Why Should You Care?

Research is only as valuable as the action it produces. If you followed Part 1, you have a system that scans your projects for knowledge gaps, queues deep research, and saves structured reports to disk. But a folder full of Markdown files is not a backlog. Nobody triages a research archive with 500+ files by hand. The research just sits there, aging.

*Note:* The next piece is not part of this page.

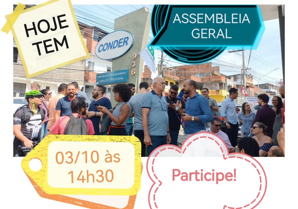 O SINTRACOM-BA – Sindicato dos Trabalhadores na Indústria da Construção e da Madeira no Estado da Bahia e a ASCON – Associação dos Funcionários e Ex-Funcionários da Conder, convocam os funcionários da Conder para participarem da Assembleia, que será realizada no dia 03.10.2023 (terça-feira), no auditório da ASCON, às 14h30, em primeira convocação, com a presença de 2/3 dos associados, e às 15h, com o número que houver, para tratarmos da seguinte pauta:

This post covers the second and third stages of the pipeline: a triage system that reads each research report, extracts scored action items aligned to your project roadmaps, and an implementation engine that picks the top-scoring item, creates a feature branch, invokes Claude Code headlessly, and opens a draft PR. The whole thing runs three times a day via cron, unattended.


The Three-Stage Sweep

The entry point is a single bash script on a cron schedule:

# crontab -e
0 5,12,18 * * * ~/research/research-sweep.sh

Three times daily at 5 AM, noon, and 6 PM, the sweep runs three stages in sequence:

#!/bin/bash
set -euo pipefail

# Cron doesn't source .bashrc — load API keys manually
if [ -f "$HOME/.env-keys" ]; then
  set -a
  source "$HOME/.env-keys"
  set +a
fi

LOG="/tmp/research-sweep.log"
echo "Research sweep started: $(date '+%Y-%m-%d %H:%M:%S')" >> "$LOG"

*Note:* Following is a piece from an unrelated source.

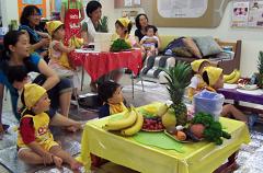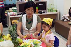 "이렇게 꽂으면 되요"라고 노란 파인애플을 쑥 꽂는 우리친구를 보며 엄마가 흐믓해 했답니다.

# Stage 1: Scan projects for knowledge gaps, queue + run research
node ~/research/research-engine.mjs auto --queue --run >> "$LOG" 2>&1
EXIT_CODE=$?

if [ $EXIT_CODE -eq 0 ]; then
  # Rebuild full-text search index after new research lands
  node ~/research/search-research.mjs --rebuild >> "$LOG" 2>&1

  # Stage 2: Triage new research against project DEV_OUTLINEs
  node ~/research/research-triage.mjs --pending >> "$LOG" 2>&1 || true

  # Stage 3: Autonomous implementation (opt-in)
  if [ "${RESEARCH_AUTO_IMPLEMENT:-0}" = "1" ]; then
    node ~/research/research-implement.mjs \
      --next --budget "${RESEARCH_IMPLEMENT_BUDGET:-1.50}" >> "$LOG" 2>&1 || true
  fi
fi

Stage 1 is the research engine from Part 1 — it scans projects for knowledge gaps and runs deep research. Stages 2 and 3 are the focus of this post. Notice that Stage 3 is gated behind RESEARCH_AUTO_IMPLEMENT=1. When you are first building this, you want to review triage output manually before letting an AI write code from it. Trust is earned incrementally.


Stage 2: Research Triage

The Problem

You already know this feeling: a research report on “scaling a Preact SPA with Express 5 and SQLite” lands at 8,000 words. Some of that is background theory. Some is relevant to your project. Some is scope creep disguised as a good idea. Without a filter, every finding feels equally urgent. You need a system that reads the research, compares it against your project’s roadmap, and extracts only the items that advance your current milestone.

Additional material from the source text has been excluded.